EXCERPTED RECORDS:
+--

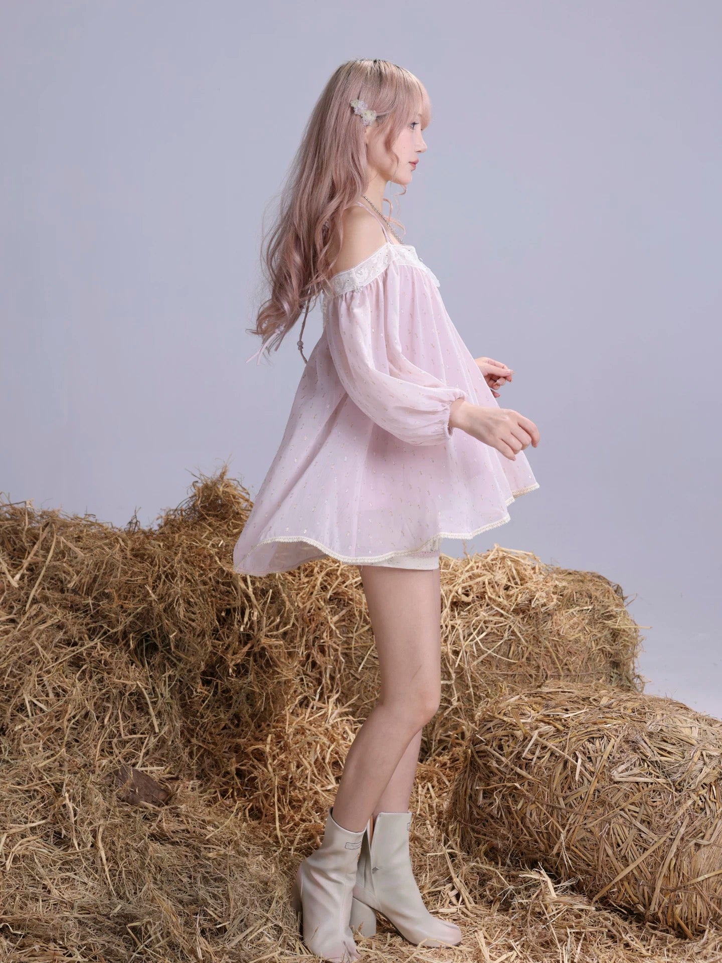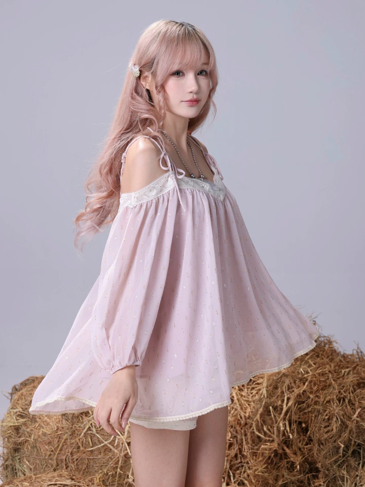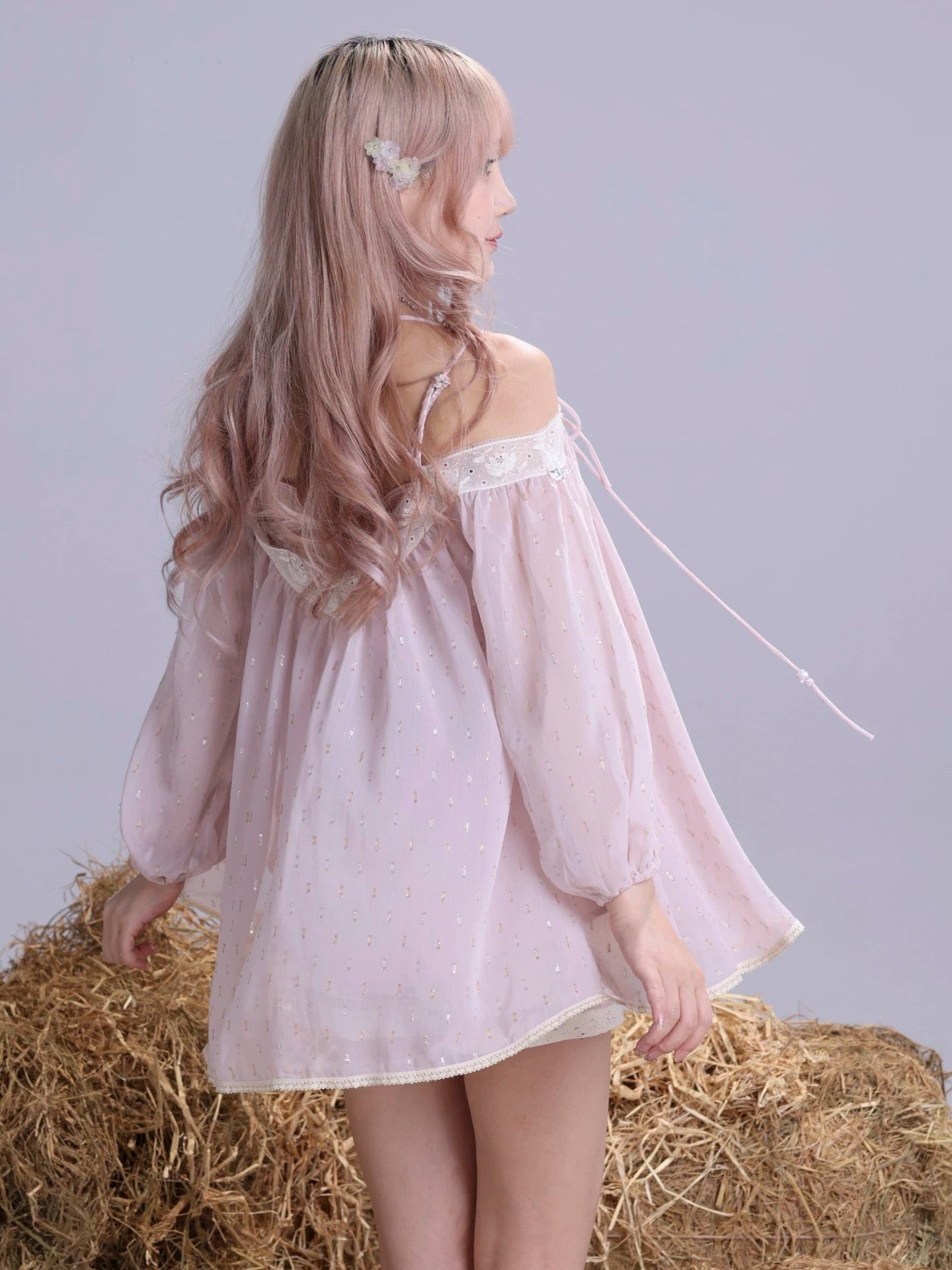 • Style: Off-shoulder babydoll mini dress with airy volume
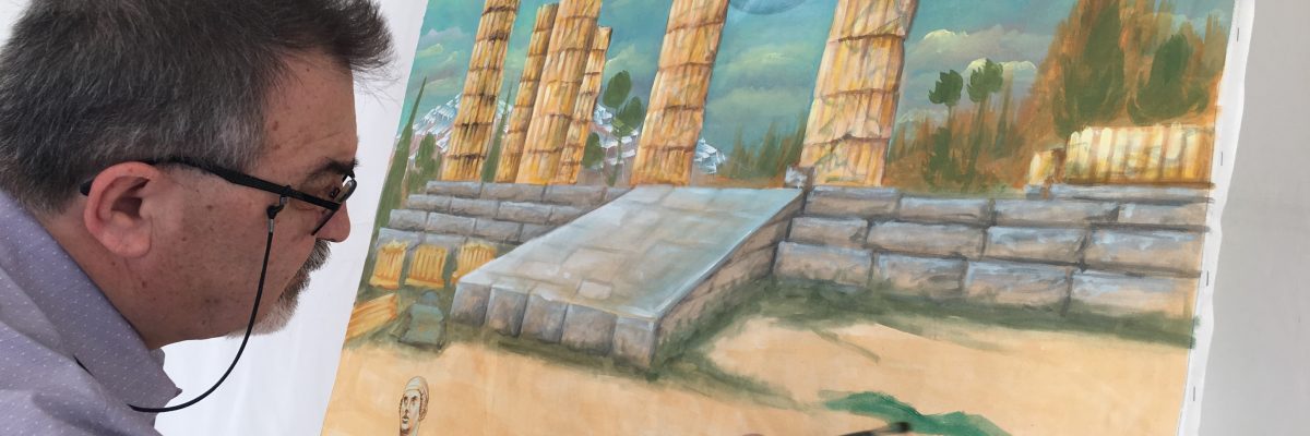 Anlässlich der Eröffnung des „Moosburger Glücksparcours“ weilte Professor Konstantinos Xenopolous in Moosburg. Er malte ein Bild des Tempels von Delphi mit dem Nabel der Welt, das im Paradiesgarten aufgestellt wird.
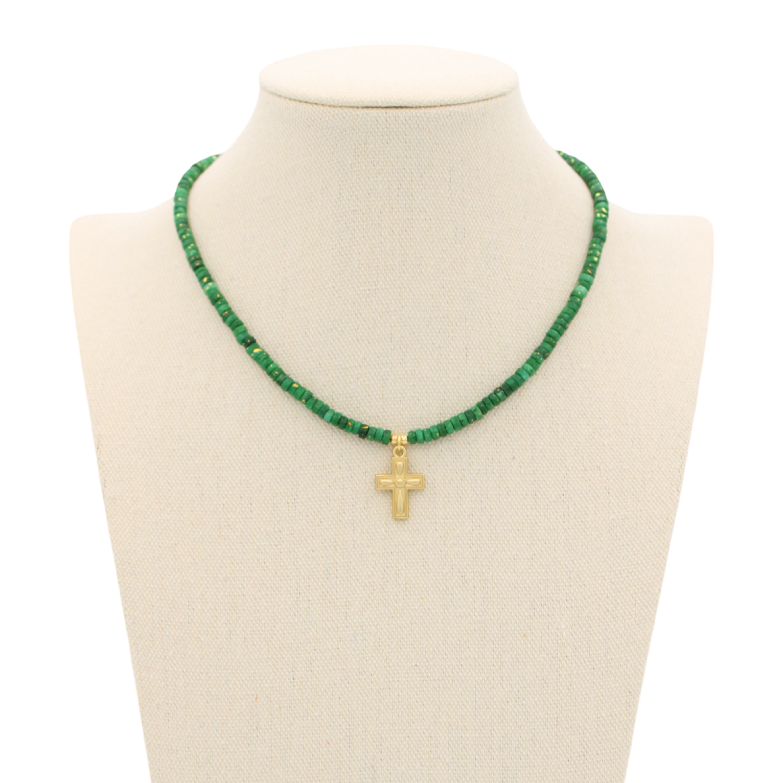 Beautiful and dainty! Rich, saturated shades of green with a few touches of blue. 4mm dolomite heishi beads hand beaded to approximately 15" + 2" extender. Matte gold cross charm. The perfect necklace for layering or keeping it simple on it's own. Truly unique in style and coloration. Very lightweight.
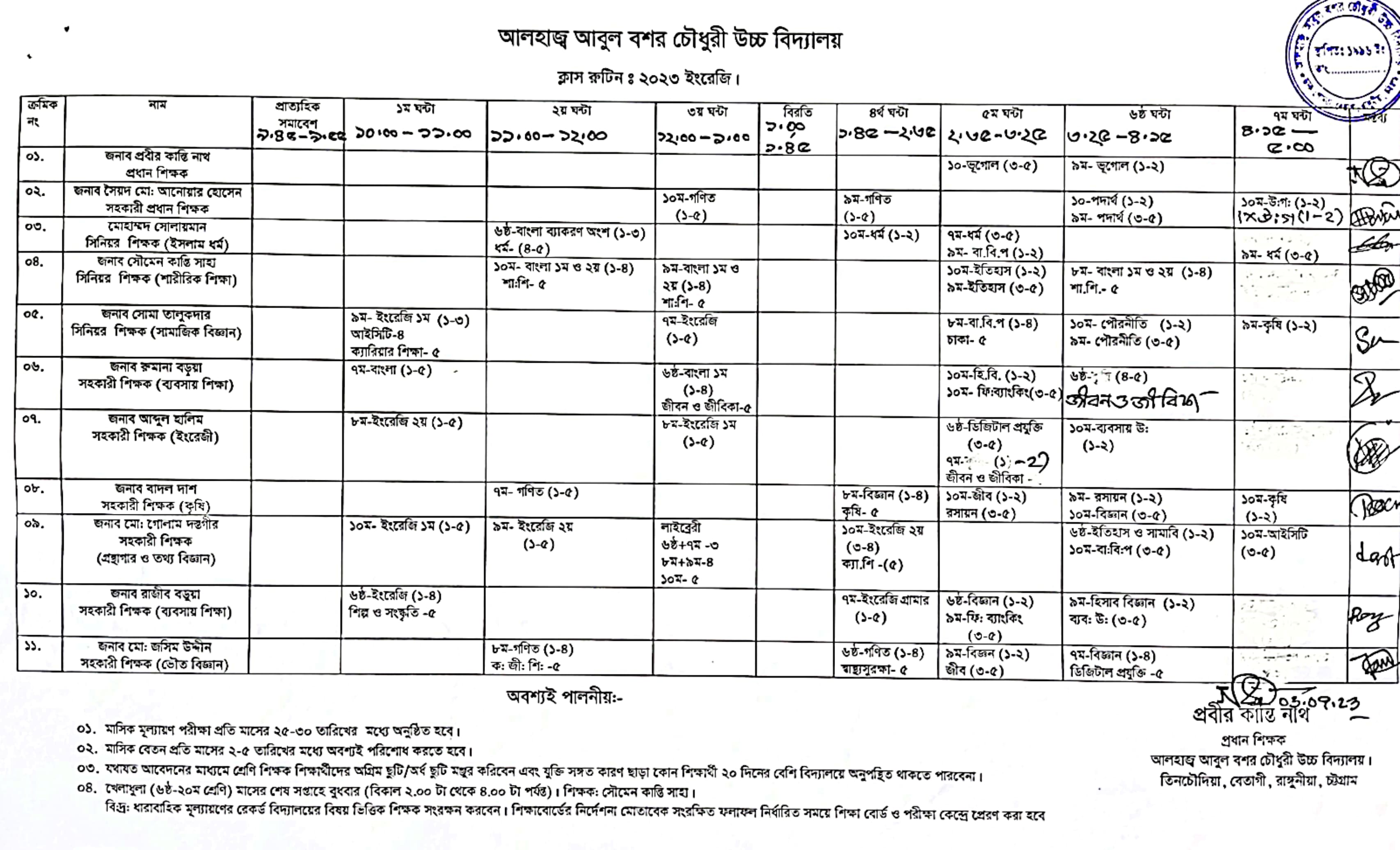 Class Routine 2023 for all classes
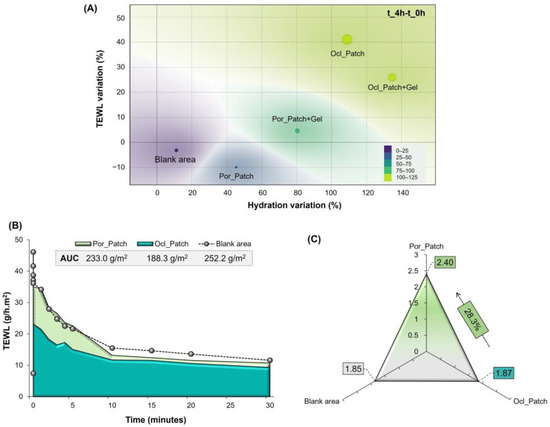 The hydration-TEWL performance mapping is displayed in Figure 1A. Specifically, the hydration data indicates that, under no-occlusion conditions, the Ocl_Patch increased moisture content by 108.85%, whereas the Por_Patch exhibited an increase of 45.38%. The application of a gel beneath the patches increased hydration performance, independently of patch design. This enhancement may be attributed not only to the application of the gel, but also to the inherent capacity of the patches to undergo a certain degree of swelling under such conditions.
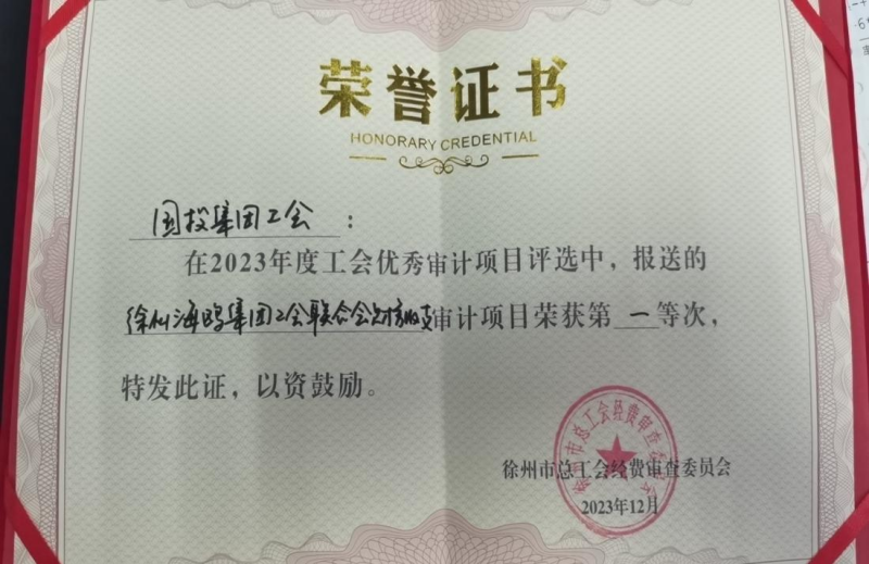 為進(jìn)一步強(qiáng)化工會(huì)經(jīng)審組織監(jiān)督職能,規(guī)范工會(huì)審計(jì)行為,切實(shí)提升工會(huì)審計(jì)質(zhì)量,市總工會(huì)經(jīng)審會(huì)開展2023年度工會(huì)優(yōu)秀審計(jì)項(xiàng)目評(píng)選工作,并于近日公布了2023年度工會(huì)優(yōu)秀審計(jì)項(xiàng)目評(píng)選結(jié)果,國(guó)投集團(tuán)選送的審計(jì)項(xiàng)目“徐州海鷗集團(tuán)工會(huì)聯(lián)合會(huì)財(cái)務(wù)收支”榮獲第一等次。
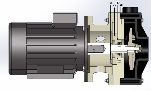 8b) Dans le cas de pompes MB 110/180 – TL, désaccoupler la bride porte-joint (16) de la bride arrière (18), en enlevant les vis de serrage (15) ; le joint torique d’étanchéité (17) devra être enlevé en même temps.
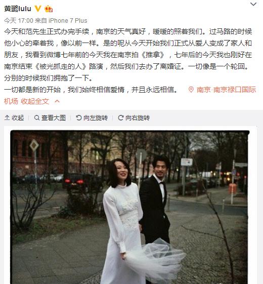 于是很多人顺藤摸瓜来到黄璐的微博,这位粉丝只有88万的女演员确实在网友和观众心目中没啥名气和知名度。看照片确实长得很普通,和我们身边普通妇女没啥差别,看不出是演员或者明星,但从她的微博可以看得出很有个性。一方面,黄璐宣布离婚,说辞很平静,一个女人,与丈夫离婚,结束七年的爱情,如此心平气和,以后还是家人和朋友,看得出很大度,不像一般女人离婚会失落或者寻死觅活。另一方面,黄璐宣布离婚消息,却配了一张两人的婚纱照,看得出来两人余情未了,只是爱情终于抵不过婚姻中的现实,有时候离婚不见得是不爱了,只是或许不合适了,反而因为相爱而放手彼此。
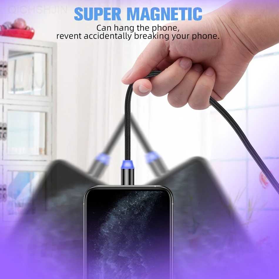 Светодиодный магнитный кабель Micro USB Type C для быстрой зарядки, Магнитный зарядный шнур USBC Microusb, Android, мобильный телефон, кабель для iPhone 11 Pro

+--

ACTIVITY:
What you write must match, line for line, the lines from the one with "8b) Dans le" through the last line of the data above, minus the pictures.

EXERCISE RESULT:
 8b) Dans le cas de pompes MB 110/180 – TL, désaccoupler la bride porte-joint (16) de la bride arrière (18), en enlevant les vis de serrage (15) ; le joint torique d’étanchéité (17) devra être enlevé en même temps.
 于是很多人顺藤摸瓜来到黄璐的微博,这位粉丝只有88万的女演员确实在网友和观众心目中没啥名气和知名度。看照片确实长得很普通,和我们身边普通妇女没啥差别,看不出是演员或者明星,但从她的微博可以看得出很有个性。一方面,黄璐宣布离婚,说辞很平静,一个女人,与丈夫离婚,结束七年的爱情,如此心平气和,以后还是家人和朋友,看得出很大度,不像一般女人离婚会失落或者寻死觅活。另一方面,黄璐宣布离婚消息,却配了一张两人的婚纱照,看得出来两人余情未了,只是爱情终于抵不过婚姻中的现实,有时候离婚不见得是不爱了,只是或许不合适了,反而因为相爱而放手彼此。
 Светодиодный магнитный кабель Micro USB Type C для быстрой зарядки, Магнитный зарядный шнур USBC Microusb, Android, мобильный телефон, кабель для iPhone 11 Pro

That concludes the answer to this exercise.